All entries are to be printed again exactly, with their images omitted.

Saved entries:

════════════════

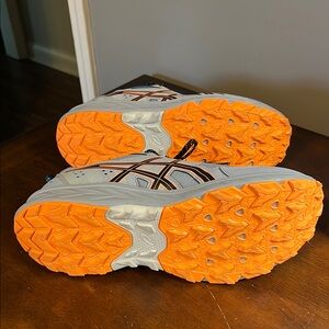 Stylish ASICS running shoes in gray with orange accents. Features black and teal details. Worn once.
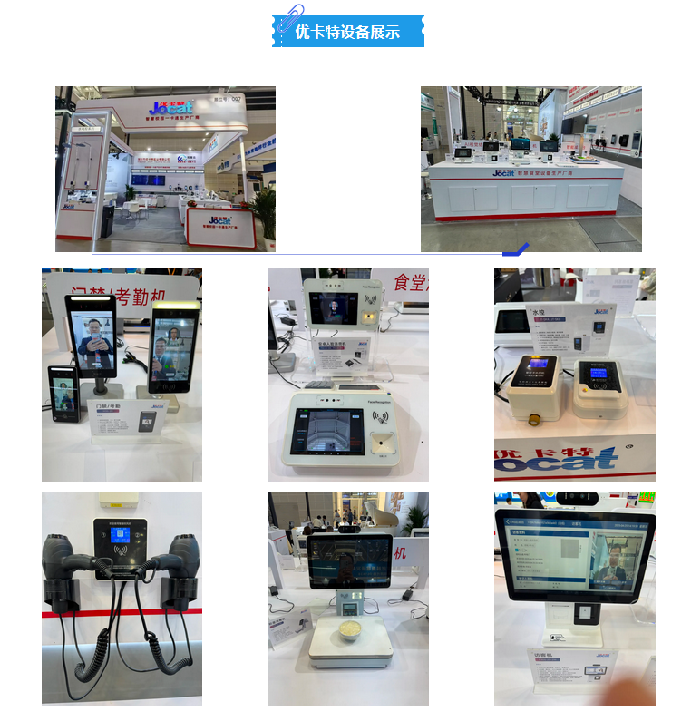 展會期間,深圳優卡特全面展示了核心產品矩陣,覆蓋多元智慧場景需求。從保障出入口安全的訪客機、門禁 / 考勤機,到優化園區消費體驗的食堂消費機、安卓人臉消費機,再到 AI 賦能的POS 款安卓人臉消費機(AI 視覺結算) ,每款產品都展現了前沿的技術實力。同時,現場還呈現了水控機、水電控系列、掌靜脈系列等高效管理設備,以及智能共享吹風機、智能電控機等創新產品,全方位覆蓋智慧園區、校園、企業等多領域的一卡通應用需求。
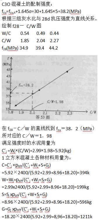 ,标准养护到28d的抗压强度分别为34.9、39.4、44.2MPa,试计算混凝土的实验室配合比(σ=5MPa,t=-1.645)。(8分)
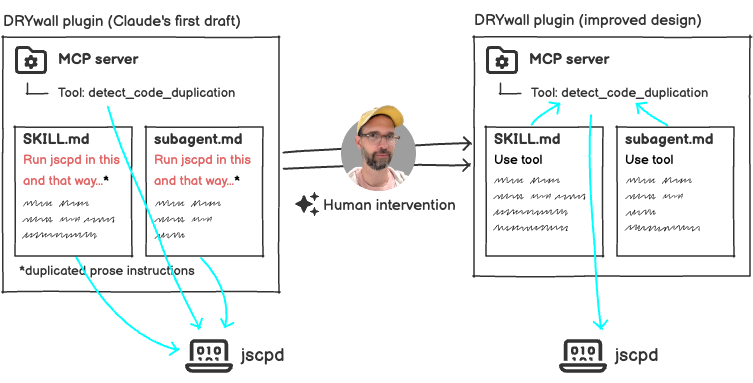 Maybe an anecdote will calm some anxious minds. Obviously I leaned on Claude to draft an initial version of DRYwall with its three components: a skill, a subagent and an MCP server with a tool proxy for jscpd. When I tested and reviewed that initial version I realised that Claude had written elaborate prose instructions for how to call jscpd in the skill file and again in the subagent file. Yes, it had duplicated “code”—really prose, which was even worse. This despite the MCP tool, which already calls jscpd in a structured way, sitting right there for the taking. I had to prompt Claude to rewrite the skill and subagent to use the MCP tool for much more deterministic behavior (and less duplication).
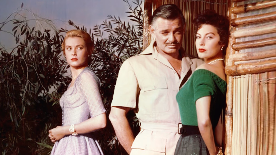 A married anthropologist (Grace Kelly) and a chorus girl (Ava Gardner) fight over a hunter (Clark Gable) in Africa.

════════════════

--- EXERCISE ANSWER ---
 Stylish ASICS running shoes in gray with orange accents. Features black and teal details. Worn once.
 展會期間,深圳優卡特全面展示了核心產品矩陣,覆蓋多元智慧場景需求。從保障出入口安全的訪客機、門禁 / 考勤機,到優化園區消費體驗的食堂消費機、安卓人臉消費機,再到 AI 賦能的POS 款安卓人臉消費機(AI 視覺結算) ,每款產品都展現了前沿的技術實力。同時,現場還呈現了水控機、水電控系列、掌靜脈系列等高效管理設備,以及智能共享吹風機、智能電控機等創新產品,全方位覆蓋智慧園區、校園、企業等多領域的一卡通應用需求。
 ,标准养护到28d的抗压强度分别为34.9、39.4、44.2MPa,试计算混凝土的实验室配合比(σ=5MPa,t=-1.645)。(8分)
 Maybe an anecdote will calm some anxious minds. Obviously I leaned on Claude to draft an initial version of DRYwall with its three components: a skill, a subagent and an MCP server with a tool proxy for jscpd. When I tested and reviewed that initial version I realised that Claude had written elaborate prose instructions for how to call jscpd in the skill file and again in the subagent file. Yes, it had duplicated “code”—really prose, which was even worse. This despite the MCP tool, which already calls jscpd in a structured way, sitting right there for the taking. I had to prompt Claude to rewrite the skill and subagent to use the MCP tool for much more deterministic behavior (and less duplication).
 A married anthropologist (Grace Kelly) and a chorus girl (Ava Gardner) fight over a hunter (Clark Gable) in Africa.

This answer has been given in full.